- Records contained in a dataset
^^^^^^^^

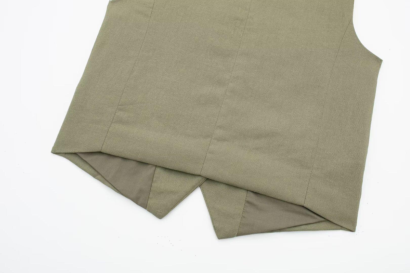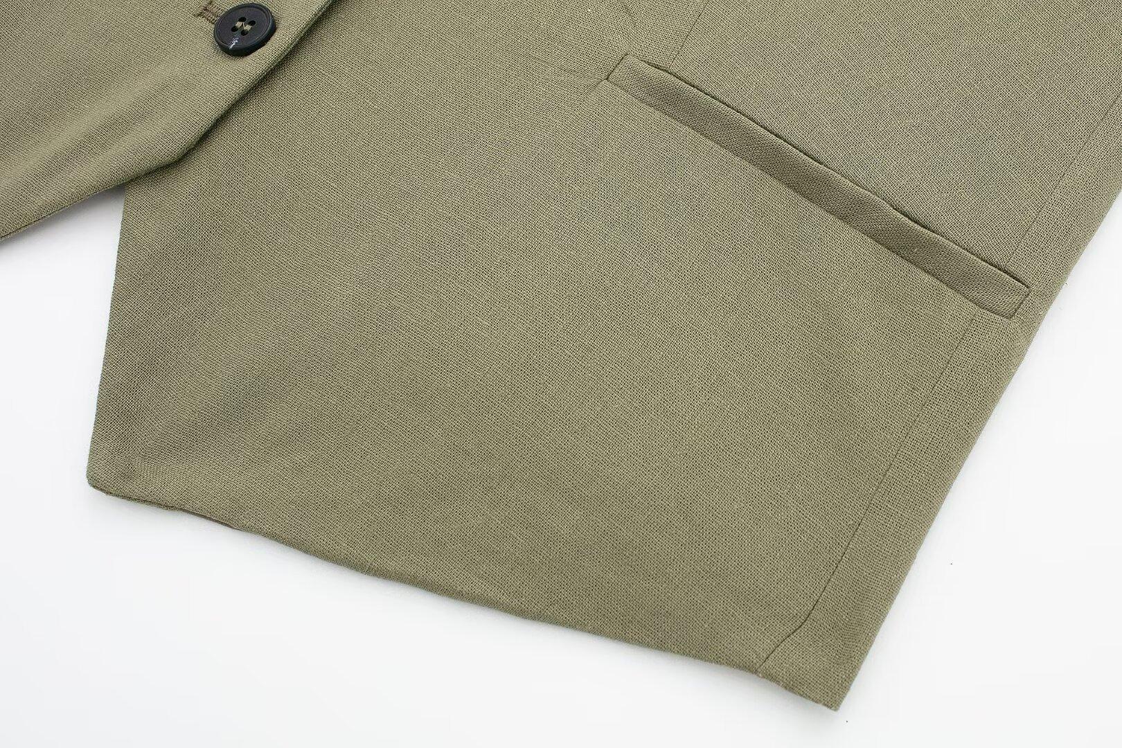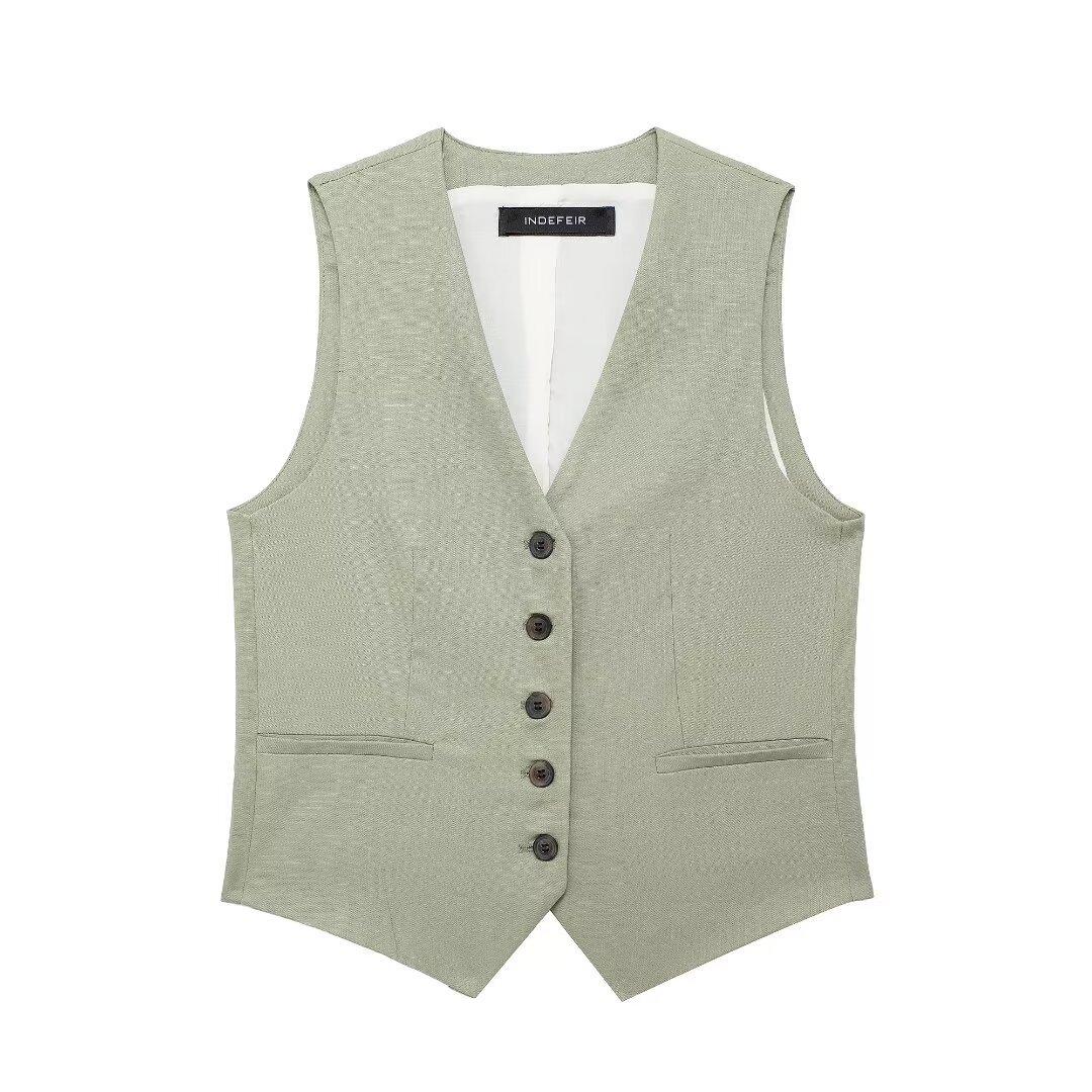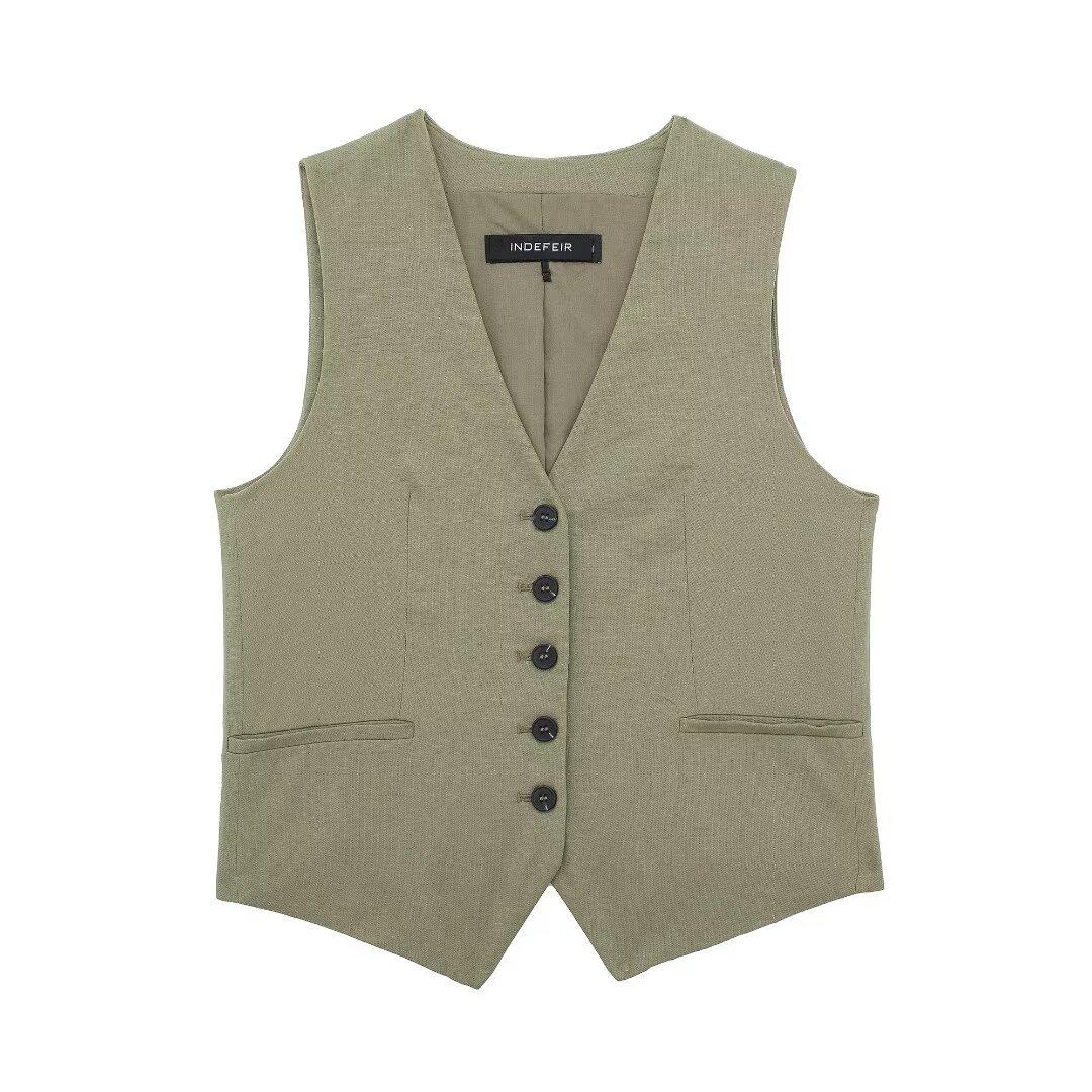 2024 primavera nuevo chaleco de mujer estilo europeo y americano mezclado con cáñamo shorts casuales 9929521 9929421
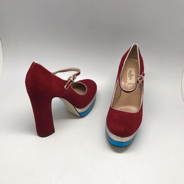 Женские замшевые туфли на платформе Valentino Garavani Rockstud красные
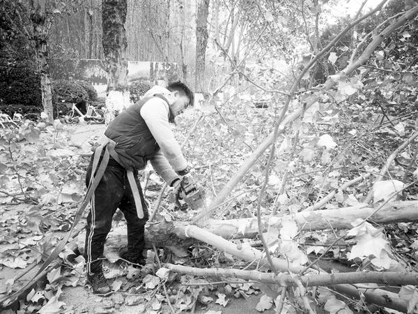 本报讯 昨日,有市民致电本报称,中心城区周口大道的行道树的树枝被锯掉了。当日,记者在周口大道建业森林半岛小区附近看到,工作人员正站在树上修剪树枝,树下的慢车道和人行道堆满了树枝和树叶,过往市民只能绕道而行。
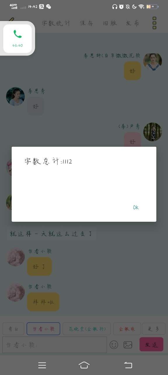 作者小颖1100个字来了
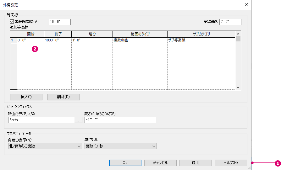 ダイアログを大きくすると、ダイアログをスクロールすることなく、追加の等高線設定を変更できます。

^^^^^^^^

- Problem to solve
The copy should begin at the line containing "本报讯 昨日,有市民致电本报" and end at the last line of the data above; please restate those lines word for word without the pictures.

- Output below
 本报讯 昨日,有市民致电本报称,中心城区周口大道的行道树的树枝被锯掉了。当日,记者在周口大道建业森林半岛小区附近看到,工作人员正站在树上修剪树枝,树下的慢车道和人行道堆满了树枝和树叶,过往市民只能绕道而行。
 作者小颖1100个字来了
 ダイアログを大きくすると、ダイアログをスクロールすることなく、追加の等高線設定を変更できます。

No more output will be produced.